Книга Будьте как дети - Владимир Шаров
Шрифт:
Интервал:
Закладка:
И еще о чем обязательно надо сказать. В ту ночь каждому ребенку лично Лениным была вручена книжка с картинками – напутствие и память.
Наутро, едва проснувшись, Ленин получил от Дзержинского новое радостное известие. Оказалось, что устроенная им елка не была первой. За три года до Горок такую же – с указывающей дорогу на Иерусалим рождественской путеводной звездой – установили в актовом зале воспитанники коммуны имени Шацкого, что под Нижним Новгородом.
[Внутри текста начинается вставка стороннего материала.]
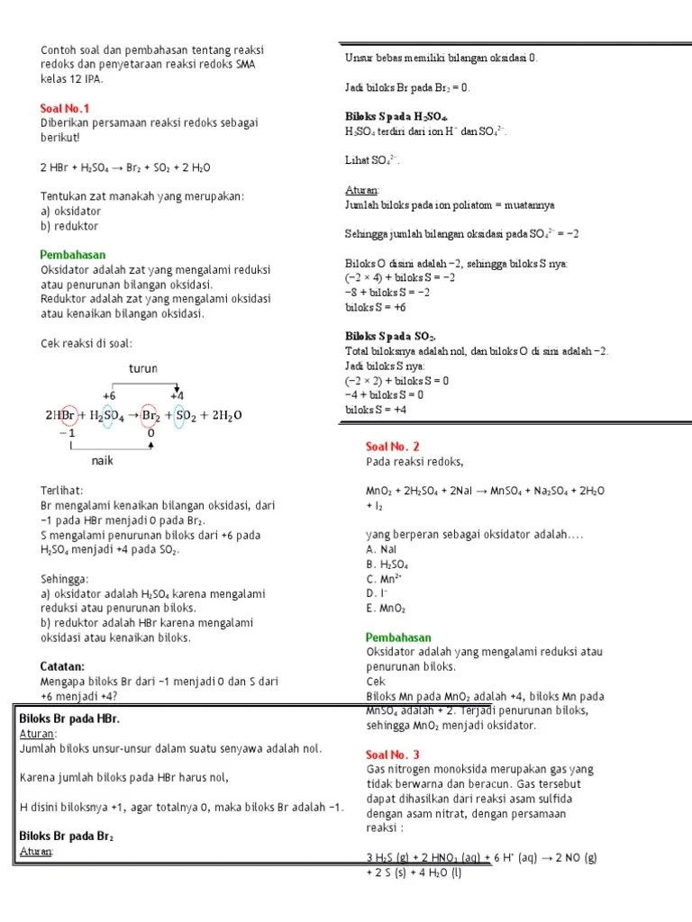 Soal un kimia 2019 no. 40 soal latihan reaksi redoks serta pemahasannya jempol kimia from . Suatu reaksi oksidasi biasanya disertai dengan reaksi reduksi sehingga . Contoh soal analisis terkait persamaan reaksi redoks. Contoh soal pembahasan penyetaraan redoks bag ii.
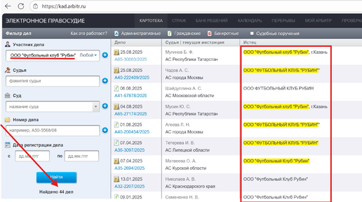 Иски от ООО "Футбольный клуб "Рубин"
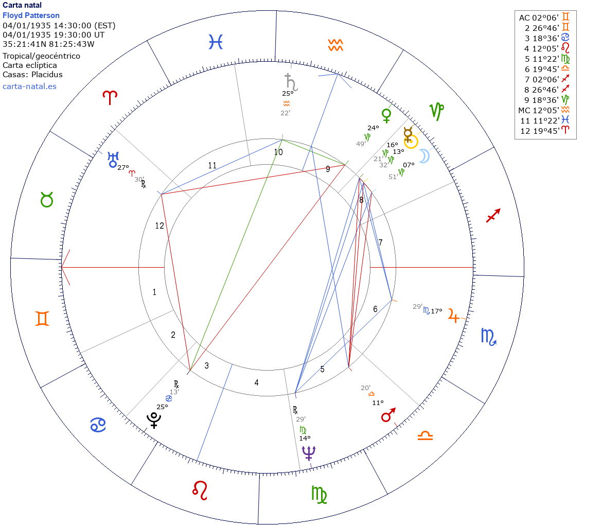 Esta es la carta natal de Floyd Patterson, boxeador estadounidense.
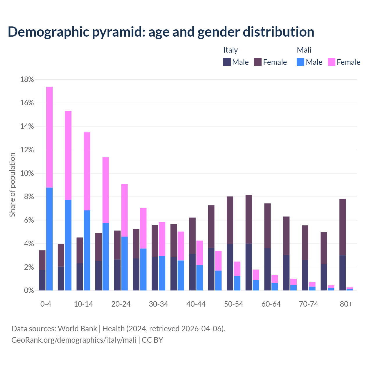 - As of 2026, the population of Italy is 58.6M vs 26.1M in Mali - 2.24 times difference.

Сменяв плоть на дух, они посреди страшного голода двадцать первого года, никому ничего не сказав, день не ели хлеба и на сэкономленные две буханки купили ее на базаре.
После Рождества Христова и до самого дня своей кончины Ильич, по свидетельству сестры Марии Ильиничны, был почти всё время необычно возбужден. Особенно утром, когда чувствовал себя лучше. Еще сидя в кровати, жестикулировал, суетился. Думаю, говорил Ищенко, ему казалось, что их отряд вот-вот выступит, и он хотел кого-то поторопить, что-то прямо на ходу подправить. Но к вечеру силы Ленина оставляли, и, как пишет в воспоминаниях Крупская, дело часто кончалось припадком падучей. Она же добавляет, что возбуждение не проходило, даже если отчаянно болела голова.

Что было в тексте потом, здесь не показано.